Dataset excerpts:
■ ■ ■ ■ ■ ■ ■
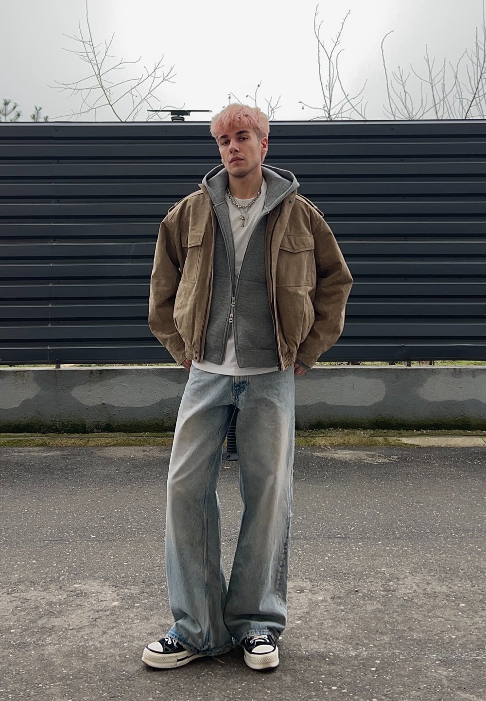 • Jeune personne aux cheveux roses portant une veste marron superposée, un sweat à capuche gris, une chemise blanche et un large jean bleu clair, debout à l'extérieur contre une clôture noire.
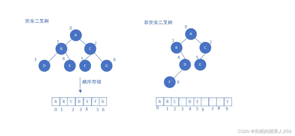 顺序结构存储就是使用数组来存储,一般使用数组只适合表示完全二叉树或者满二叉树,因为容易有空间的浪费。二叉树顺序存储在物理上是一个数组,在逻辑上是一颗二叉树。
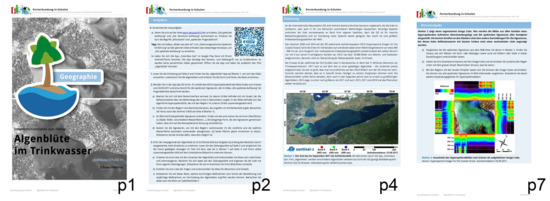 Worksheet “Algal bloom in the water supply”. (P1): cover sheet, doubles as marker image for maps in Figure 14. (P2): Tasks 0 (preparatory) to 3. (P4): Introduction text to be read in task 1 and respective marker for the HDEV video (P7): Optional task 5 using the image stack from Figure 12. (Source: authors).
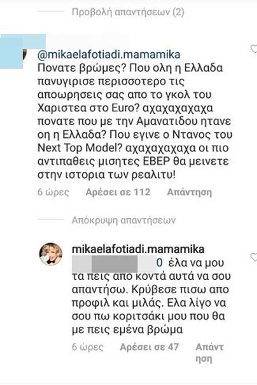 Η Μικαέλα που δε μασάει τα λόγια της απάντησε σε ένα από τα προσβλητικά σχόλια λέγοντας στη φανατική τηλεθεάτρια του Next Top Model: «Έλα να μου τα πεις αυτά από κοντά να σου απαντήσω. Κρύβεσαι πίσω από το προφίλ και μιλάς. Έλα λίγο να σου πω κοριτσάκι μου που θα με πεις εμένα βρ@μ@»!
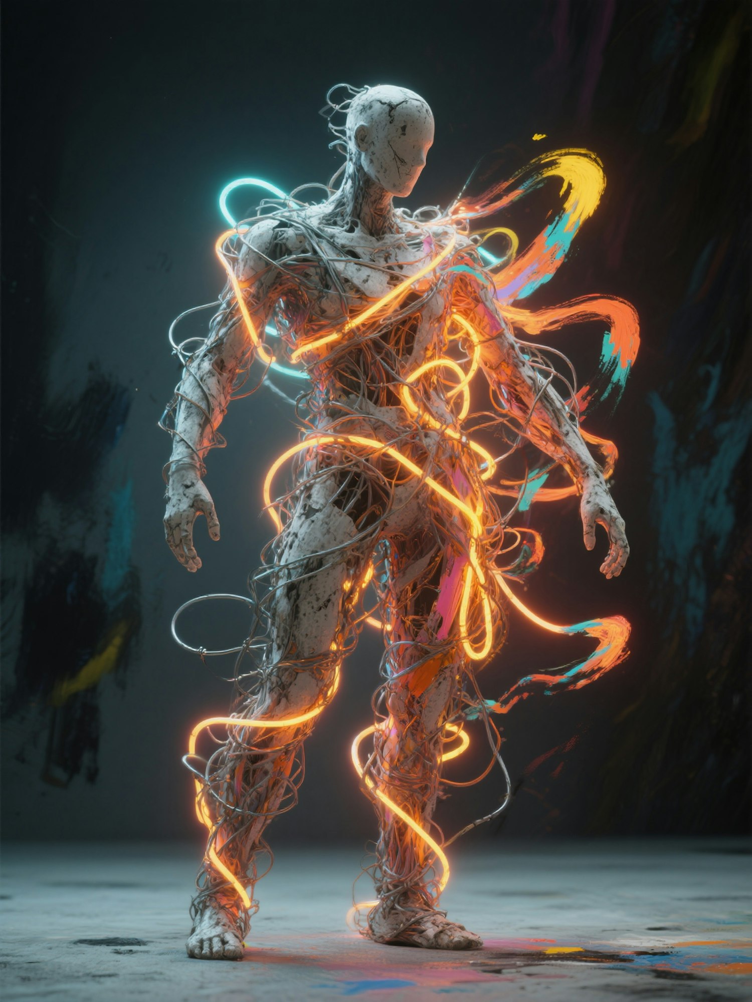 A futuristic humanoid figure wrapped in glowing neon wires, standing against a dark, abstract background with vibrant splashes of color.
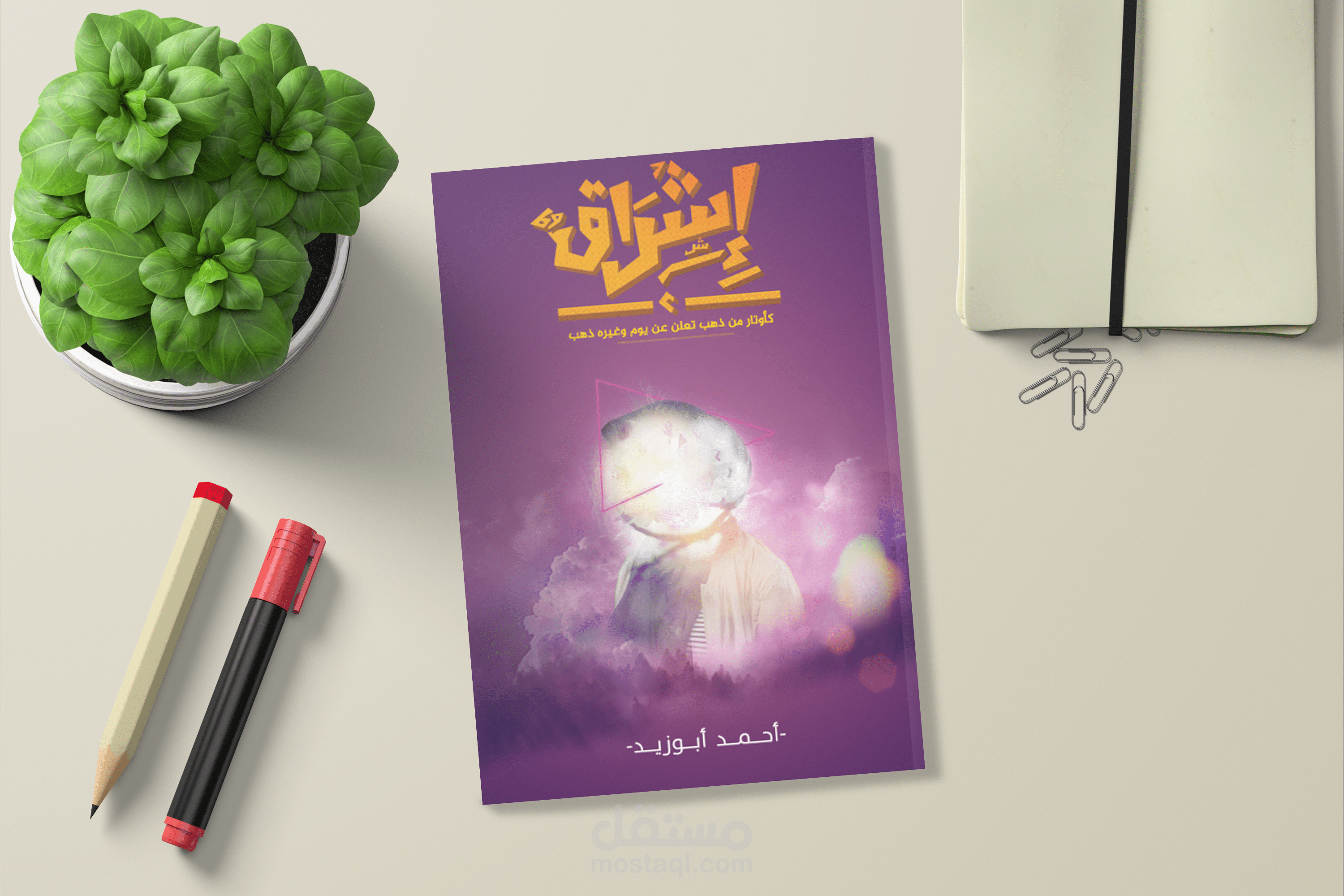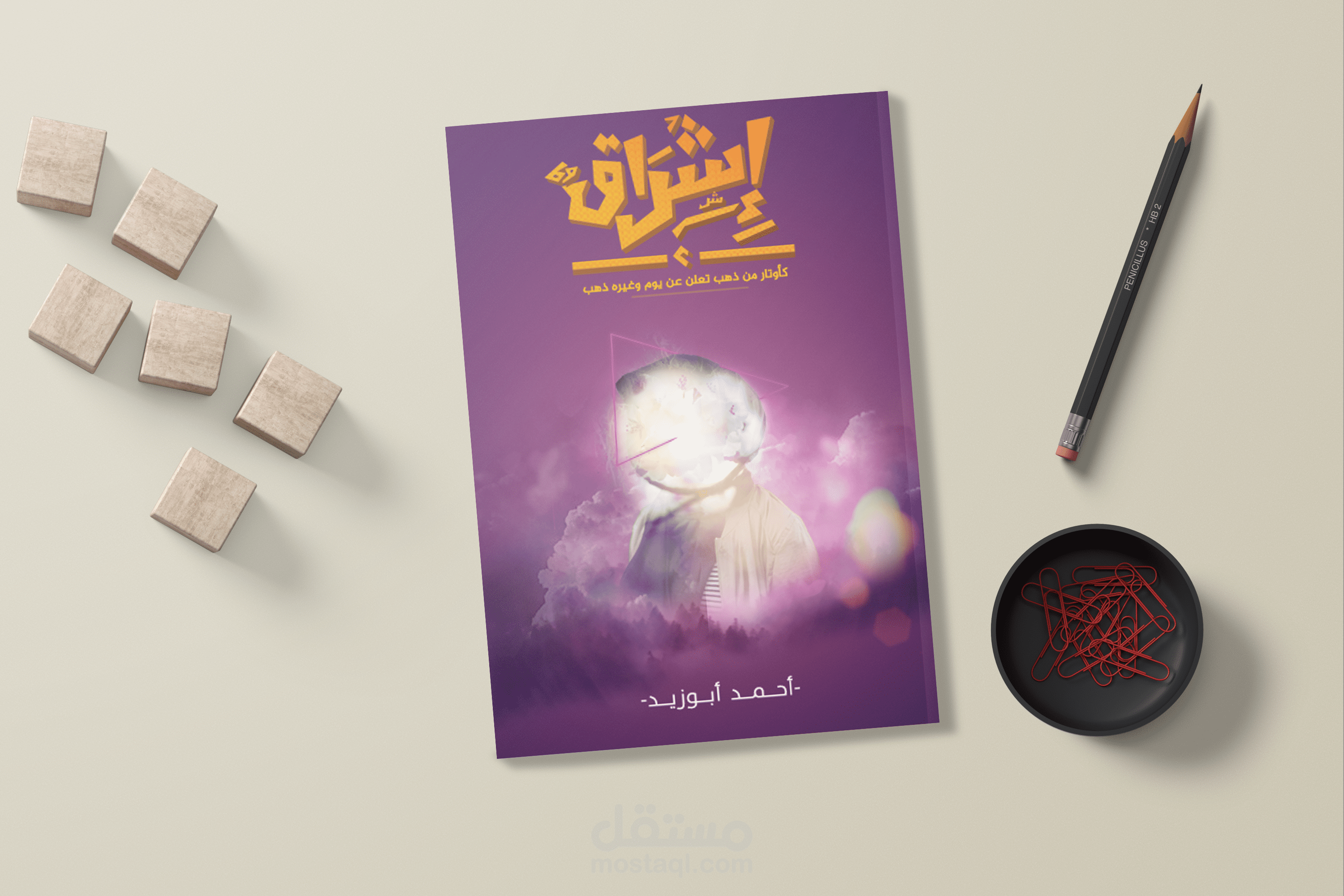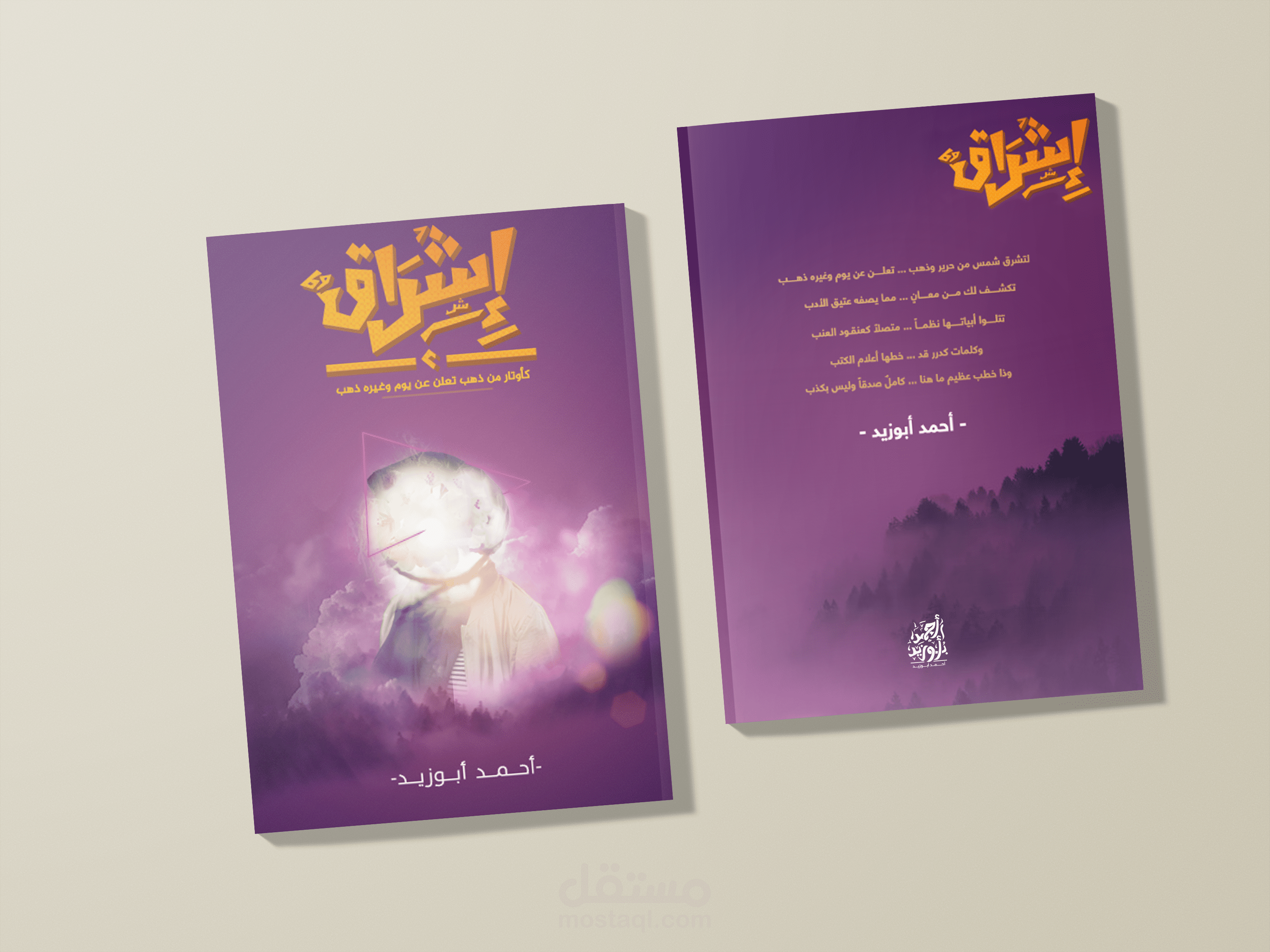Ishraq book cover design, the project contain the cover and the back of the book, also contain mockups that showing the book how it look like after printing , the full project designed by me and the design is imaginary not real and all the rights reserved - copy not allowed - reusing not allowed
■ ■ ■ ■ ■ ■ ■
Assignment: Return nothing but the lines running from the start of the data to the line with "12. (Source: authors).", please, both ends included and no pictures.

Reply:
 • Jeune personne aux cheveux roses portant une veste marron superposée, un sweat à capuche gris, une chemise blanche et un large jean bleu clair, debout à l'extérieur contre une clôture noire.
 顺序结构存储就是使用数组来存储,一般使用数组只适合表示完全二叉树或者满二叉树,因为容易有空间的浪费。二叉树顺序存储在物理上是一个数组,在逻辑上是一颗二叉树。
 Worksheet “Algal bloom in the water supply”. (P1): cover sheet, doubles as marker image for maps in Figure 14. (P2): Tasks 0 (preparatory) to 3. (P4): Introduction text to be read in task 1 and respective marker for the HDEV video (P7): Optional task 5 using the image stack from Figure 12. (Source: authors).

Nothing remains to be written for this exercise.